> [INPUT DATA]
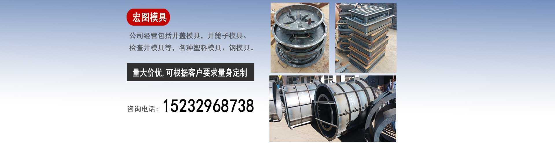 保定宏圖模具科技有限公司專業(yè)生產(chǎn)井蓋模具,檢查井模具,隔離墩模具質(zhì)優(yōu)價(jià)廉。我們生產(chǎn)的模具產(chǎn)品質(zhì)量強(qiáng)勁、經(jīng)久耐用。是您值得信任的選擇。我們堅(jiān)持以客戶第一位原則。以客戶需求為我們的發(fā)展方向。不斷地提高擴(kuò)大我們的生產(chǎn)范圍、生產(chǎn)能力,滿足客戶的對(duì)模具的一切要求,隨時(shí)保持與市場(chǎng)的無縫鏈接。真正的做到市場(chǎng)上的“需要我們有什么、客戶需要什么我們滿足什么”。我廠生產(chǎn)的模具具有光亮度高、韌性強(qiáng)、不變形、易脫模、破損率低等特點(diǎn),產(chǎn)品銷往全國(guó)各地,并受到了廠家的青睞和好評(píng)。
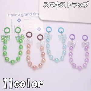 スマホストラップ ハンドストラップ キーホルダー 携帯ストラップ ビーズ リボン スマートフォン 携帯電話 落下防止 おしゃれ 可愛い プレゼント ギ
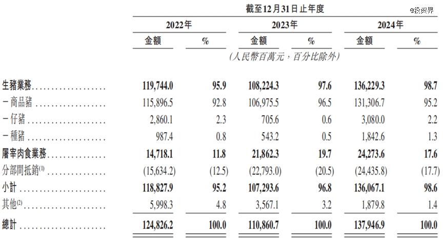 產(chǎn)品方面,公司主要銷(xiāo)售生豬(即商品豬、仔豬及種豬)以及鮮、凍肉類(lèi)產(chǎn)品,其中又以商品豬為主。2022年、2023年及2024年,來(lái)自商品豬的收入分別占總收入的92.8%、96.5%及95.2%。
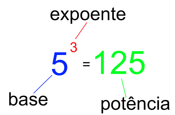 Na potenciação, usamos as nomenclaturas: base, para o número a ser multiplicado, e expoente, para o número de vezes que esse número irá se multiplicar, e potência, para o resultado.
---
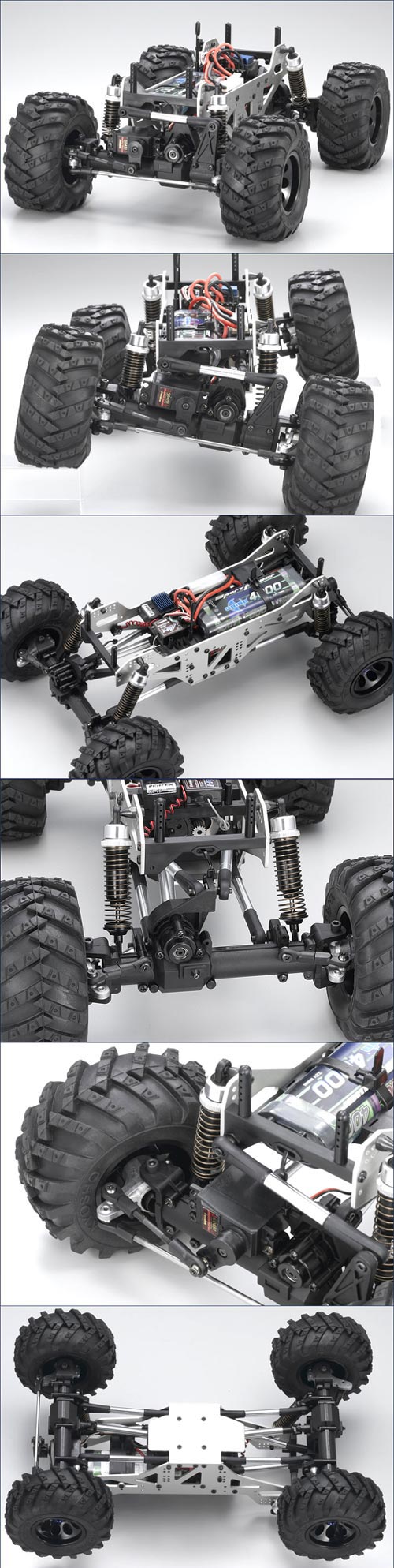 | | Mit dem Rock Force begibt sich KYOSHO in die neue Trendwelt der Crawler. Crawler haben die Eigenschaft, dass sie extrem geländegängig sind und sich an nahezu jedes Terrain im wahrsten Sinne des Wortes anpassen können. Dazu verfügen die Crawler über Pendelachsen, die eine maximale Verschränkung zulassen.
---
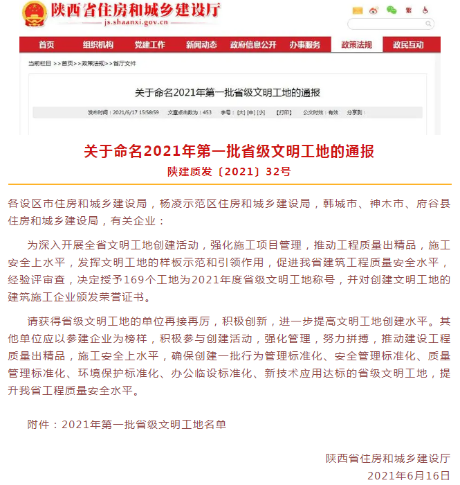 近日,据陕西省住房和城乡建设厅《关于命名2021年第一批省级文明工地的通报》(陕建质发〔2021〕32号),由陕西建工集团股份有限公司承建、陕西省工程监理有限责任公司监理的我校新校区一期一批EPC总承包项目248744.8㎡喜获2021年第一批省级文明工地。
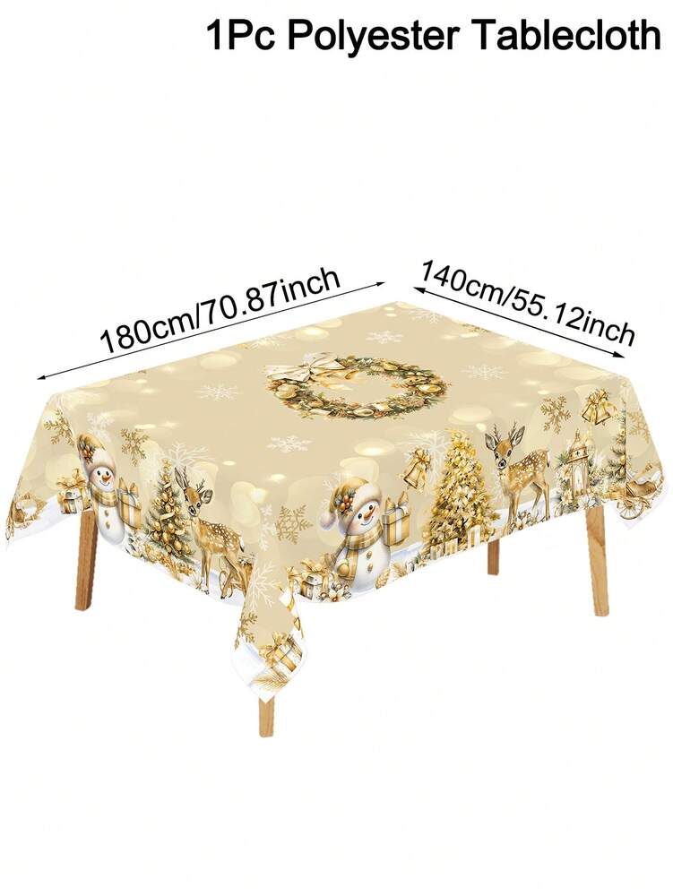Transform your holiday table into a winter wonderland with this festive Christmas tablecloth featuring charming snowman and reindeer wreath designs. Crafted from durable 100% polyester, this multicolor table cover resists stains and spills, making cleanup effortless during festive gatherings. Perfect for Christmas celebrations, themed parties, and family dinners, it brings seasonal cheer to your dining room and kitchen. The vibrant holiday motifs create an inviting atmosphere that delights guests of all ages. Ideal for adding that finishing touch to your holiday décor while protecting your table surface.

> [ACTION ITEM]
Pictures excluded, transcribe the listing above exactly from the line with "近日,据陕西省住房和城乡建设" through the line with "Transform your holiday", and no further.

> [RESPONSE]
 近日,据陕西省住房和城乡建设厅《关于命名2021年第一批省级文明工地的通报》(陕建质发〔2021〕32号),由陕西建工集团股份有限公司承建、陕西省工程监理有限责任公司监理的我校新校区一期一批EPC总承包项目248744.8㎡喜获2021年第一批省级文明工地。
Transform your holiday table into a winter wonderland with this festive Christmas tablecloth featuring charming snowman and reindeer wreath designs. Crafted from durable 100% polyester, this multicolor table cover resists stains and spills, making cleanup effortless during festive gatherings. Perfect for Christmas celebrations, themed parties, and family dinners, it brings seasonal cheer to your dining room and kitchen. The vibrant holiday motifs create an inviting atmosphere that delights guests of all ages. Ideal for adding that finishing touch to your holiday décor while protecting your table surface.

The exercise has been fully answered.